### What to do
Although the records contain pictures, only their text should be repeated, exactly as it stands.

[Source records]
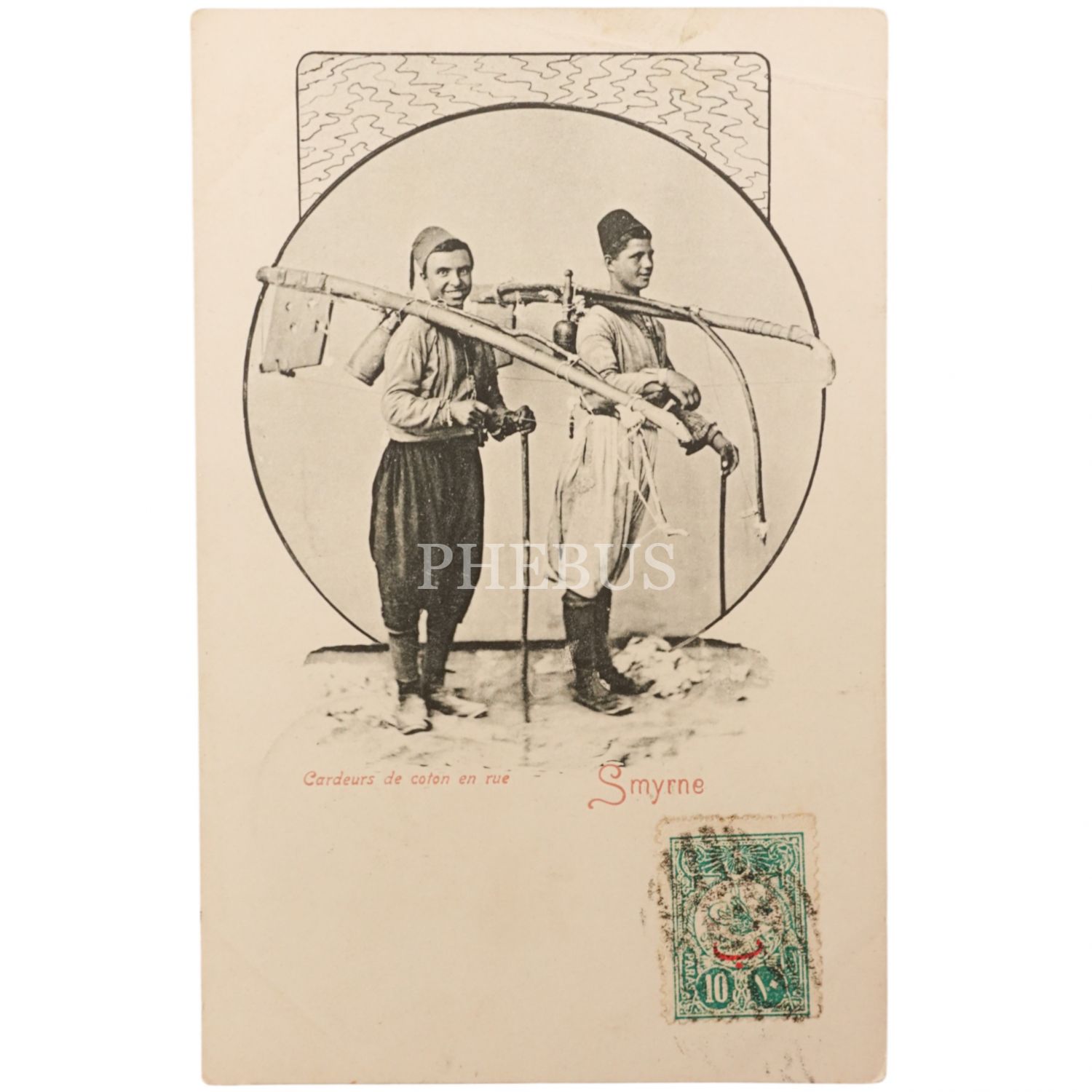 İzmir´de hamallar, "Caraeurs de coton en rue", 14x9 cm...
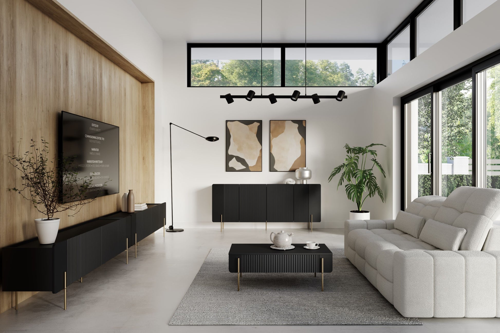 Het Malmi TV-meubel 200 cm in mat zwart met gouden poten brengt pure elegantie en moderniteit in jouw woonkamer. Dit stijlvolle meubelstuk is voorzien van geribbelde, handgreeploze fronten, afgeronde hoeken en een diepe, matte afwerking. Opvallende gouden, gepoedercoate metalen poten zorgen voor een chique uitstraling, terwijl de solide romp en duurzame MDF-fronten garant staan voor jarenlang gebruiksplezier. Het meubel is ontworpen met oog voor detail, en tilt iedere moderne, loft- of glamwoonkamer moeiteloos naar een hoger niveau.
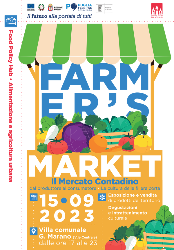 Una rete di produttori, contadini e trasformatori che si incontrano e animano luoghi dove fare la spesa, conoscersi e mangiare in compagnia. Un mercato gestito da una comunità, con valori e regole condivisi. A questo aspira il secondo esperimento di Mercato Contadino della città di Andria. Di seguito, alcune linee guida per potersi candidare all’evento e per poter essere presenti con i propri prodotti nel giorno del mercato che si terrà il giorno 15 Settembre 2023, dalle ore 17.00 alle ore 23.00, presso la Villa Comunale “G. Marano”.
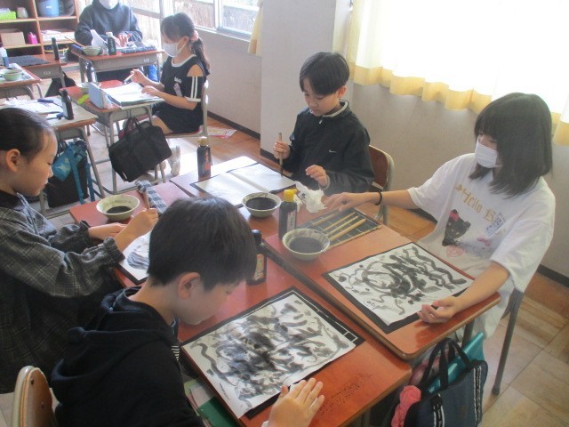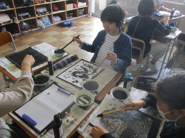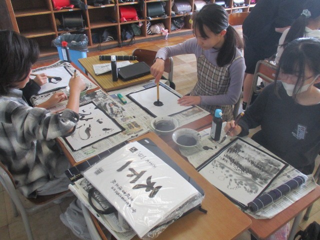 図画工作科の学習では、水墨画に取り組んでいます。
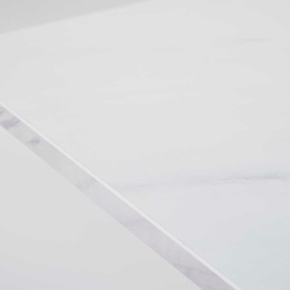 Bänkskivan är tillverkad av melaminbelagd MDF med ett slitstarkt och lättskött ytskikt. Den ljusa marmoreffekten skapar ett klassiskt och harmoniskt uttryck som passar lika bra i moderna som traditionella badrum.

### Output for this exercise
 İzmir´de hamallar, "Caraeurs de coton en rue", 14x9 cm...
 Het Malmi TV-meubel 200 cm in mat zwart met gouden poten brengt pure elegantie en moderniteit in jouw woonkamer. Dit stijlvolle meubelstuk is voorzien van geribbelde, handgreeploze fronten, afgeronde hoeken en een diepe, matte afwerking. Opvallende gouden, gepoedercoate metalen poten zorgen voor een chique uitstraling, terwijl de solide romp en duurzame MDF-fronten garant staan voor jarenlang gebruiksplezier. Het meubel is ontworpen met oog voor detail, en tilt iedere moderne, loft- of glamwoonkamer moeiteloos naar een hoger niveau.
 Una rete di produttori, contadini e trasformatori che si incontrano e animano luoghi dove fare la spesa, conoscersi e mangiare in compagnia. Un mercato gestito da una comunità, con valori e regole condivisi. A questo aspira il secondo esperimento di Mercato Contadino della città di Andria. Di seguito, alcune linee guida per potersi candidare all’evento e per poter essere presenti con i propri prodotti nel giorno del mercato che si terrà il giorno 15 Settembre 2023, dalle ore 17.00 alle ore 23.00, presso la Villa Comunale “G. Marano”.
 図画工作科の学習では、水墨画に取り組んでいます。
 Bänkskivan är tillverkad av melaminbelagd MDF med ett slitstarkt och lättskött ytskikt. Den ljusa marmoreffekten skapar ett klassiskt och harmoniskt uttryck som passar lika bra i moderna som traditionella badrum.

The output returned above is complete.